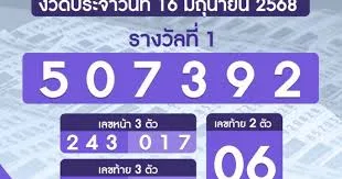 ผลสลากกินแบ่งรัฐบาล ตรวจหวย 16 มิถุนายน 2568 งวดล่าสุด ตรวจรางวัลที่นี่
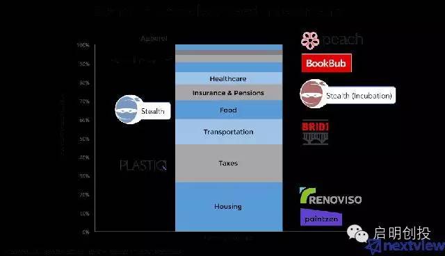 在NextView,我的合伙人和我慎重地遵循著一幅投資中的消費者地圖。“緊跟資金的流向”是我們的投資策略,該策略占了我們所有投資組合的50%之多。開始的時候,我們將美國消費者支出看作是虛假財富地圖,然后找出創(chuàng)企能夠卷起市場風云的機會。我們的結(jié)論很簡單,但也很重要,那就是:當某創(chuàng)企把發(fā)展方向放在消費者支出比重最大的領(lǐng)域時,它的市場影響力一定會擴大。
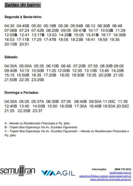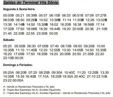 A medida trará melhorias para os moradores da região a partir deste domingo, 26, como segue a tabela abaixo:
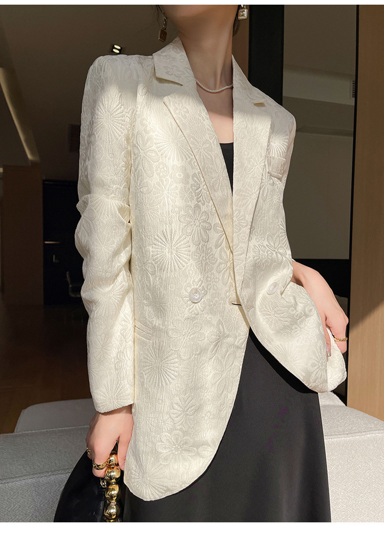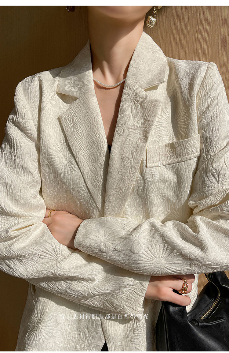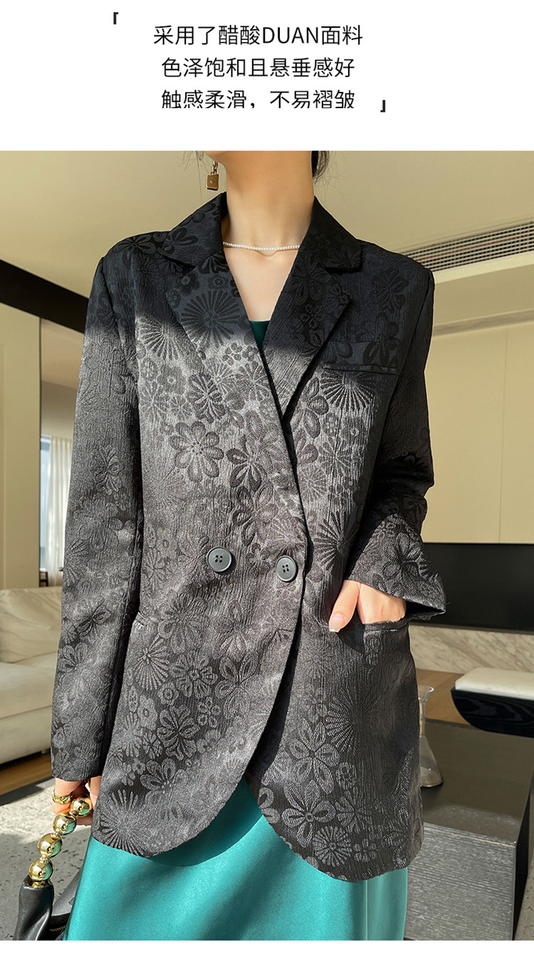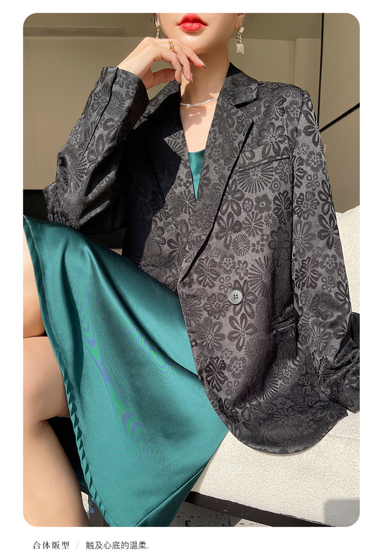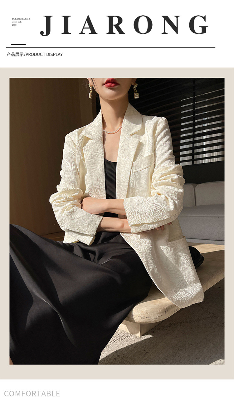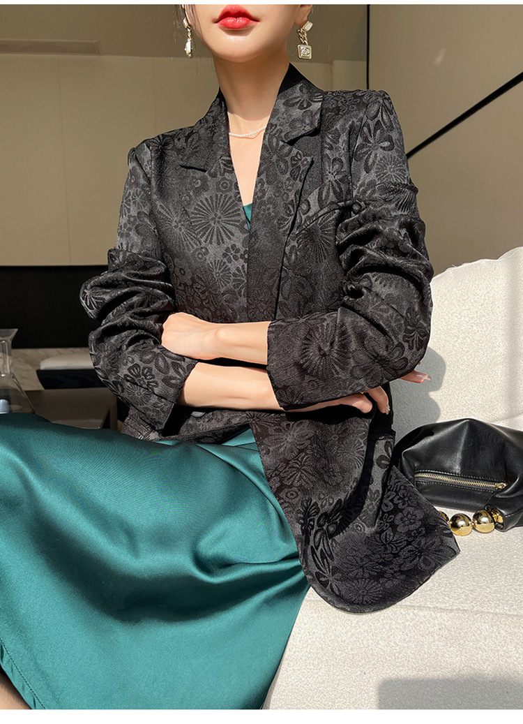 봄 중국 스타일의 세트 재킷 여성의 새로운 느슨한 기질 통근 다용도 높은 감각 단색 자카드 세트스토어 가기

#### Task statement
Start to finish, write out the data above exactly, omitting all pictures.

#### Written solution
 ผลสลากกินแบ่งรัฐบาล ตรวจหวย 16 มิถุนายน 2568 งวดล่าสุด ตรวจรางวัลที่นี่
 在NextView,我的合伙人和我慎重地遵循著一幅投資中的消費者地圖。“緊跟資金的流向”是我們的投資策略,該策略占了我們所有投資組合的50%之多。開始的時候,我們將美國消費者支出看作是虛假財富地圖,然后找出創(chuàng)企能夠卷起市場風云的機會。我們的結(jié)論很簡單,但也很重要,那就是:當某創(chuàng)企把發(fā)展方向放在消費者支出比重最大的領(lǐng)域時,它的市場影響力一定會擴大。
 A medida trará melhorias para os moradores da região a partir deste domingo, 26, como segue a tabela abaixo:
 봄 중국 스타일의 세트 재킷 여성의 새로운 느슨한 기질 통근 다용도 높은 감각 단색 자카드 세트스토어 가기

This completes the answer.